§ **THE PROBLEM**:
Copy the lines running from the one that contains "3 раздельные комнаты" to the end of the entries below, exactly and with no pictures.

SUPPLIED ENTRIES START

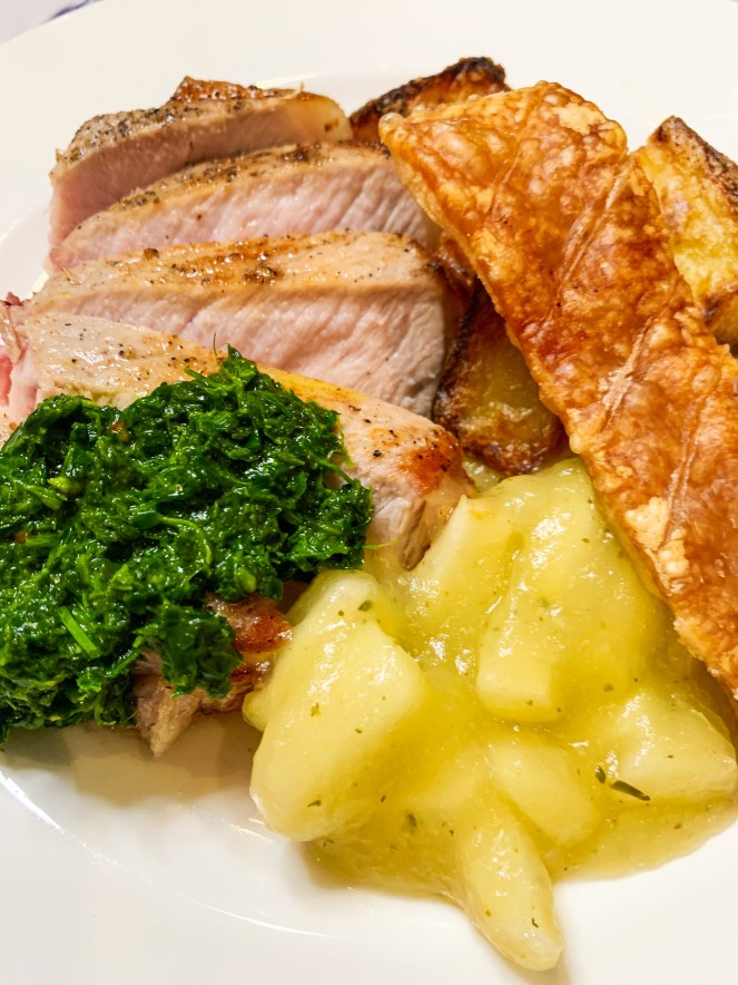 In this recipe from the cookbook, ‘For the Love of Food’, Chef Paul Ainsworth gives the traditional pork chop an extra punch with the addition of the Latin American sauce, Chimichurri. It works particularly well with the salty pork crackling and the sweet yet slightly tart apple sauce. It’s a lively dish perfect on any day, be it May or the midst of the winter. (I’ve slightly changed the preparation of the crackling and chops from the original recipe).
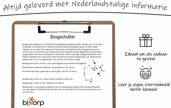 Bij de ketting wordt een pagina met informatie over het sterrenbeeld sterren geleverd, wat het een nog leuker cadeau maakt !
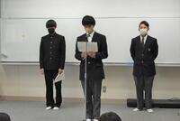 1月14日(火)に3学期始業式が行われ、授業日数41日間の3学期がスタートしました。校長先生のお話しの後、各学年代表から、冬休みの反省と3学期の決意が発表されました。3学期はまとめと次年度への準備、そして3年生は受験に向けての大事な学期です。それぞれの目標に向かって頑張ってほしいと思います。
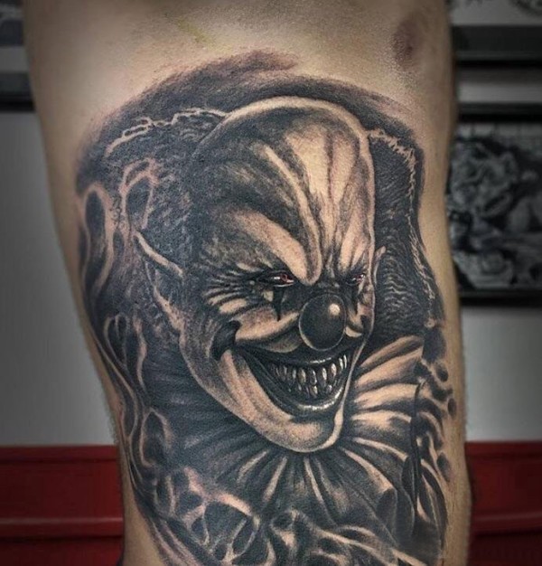 小丑纹身 男生大腿上恐怖的小丑纹身图片
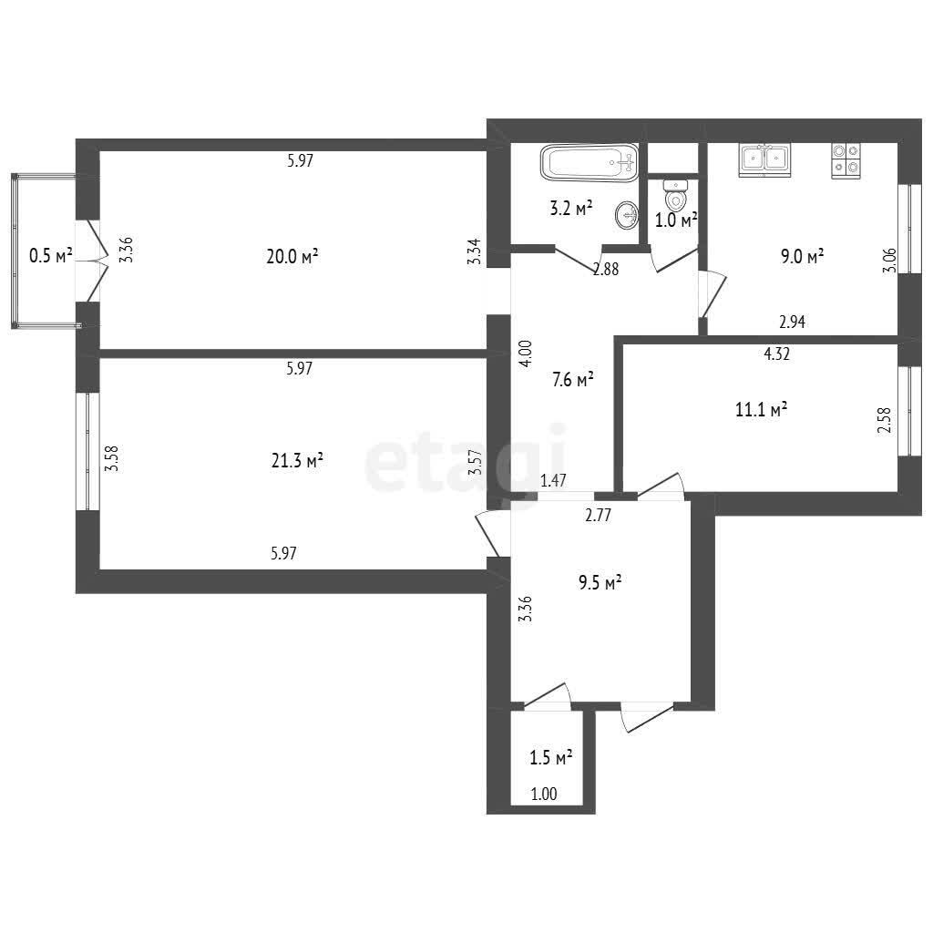 – 3 раздельные комнаты
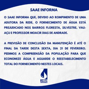 Manutenção na ETA II pode causar intermitência no fornecimento de água em Viçosa; SAAE pede economia. O Serviço Autônomo de Água e Esgoto (SAAE) de Viçosa informa que, devido à
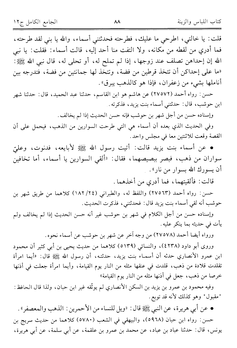 حسن: رواه أحمد (٢٧٥٧٢) عن هاشم هو ابن القاسم، حدّثنا عبد الحميد، قال: حدّثنا شهر ابن حوشب، قال: حدثتني أسماء بنت يزيد، فذكرته.
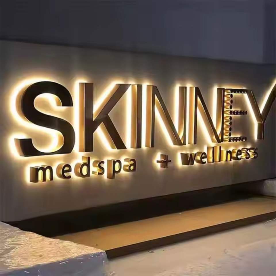 Insegna da Parete Personalizzata in Metallo per Ufficio con Design 3D e Logo, Lettere Dorate in Acciaio Inox, Segnaletica Elettronica per Spazi di Lavoro

SUPPLIED ENTRIES END

§ **FINAL ANSWER**:
 – 3 раздельные комнаты
 Manutenção na ETA II pode causar intermitência no fornecimento de água em Viçosa; SAAE pede economia. O Serviço Autônomo de Água e Esgoto (SAAE) de Viçosa informa que, devido à
 حسن: رواه أحمد (٢٧٥٧٢) عن هاشم هو ابن القاسم، حدّثنا عبد الحميد، قال: حدّثنا شهر ابن حوشب، قال: حدثتني أسماء بنت يزيد، فذكرته.
 Insegna da Parete Personalizzata in Metallo per Ufficio con Design 3D e Logo, Lettere Dorate in Acciaio Inox, Segnaletica Elettronica per Spazi di Lavoro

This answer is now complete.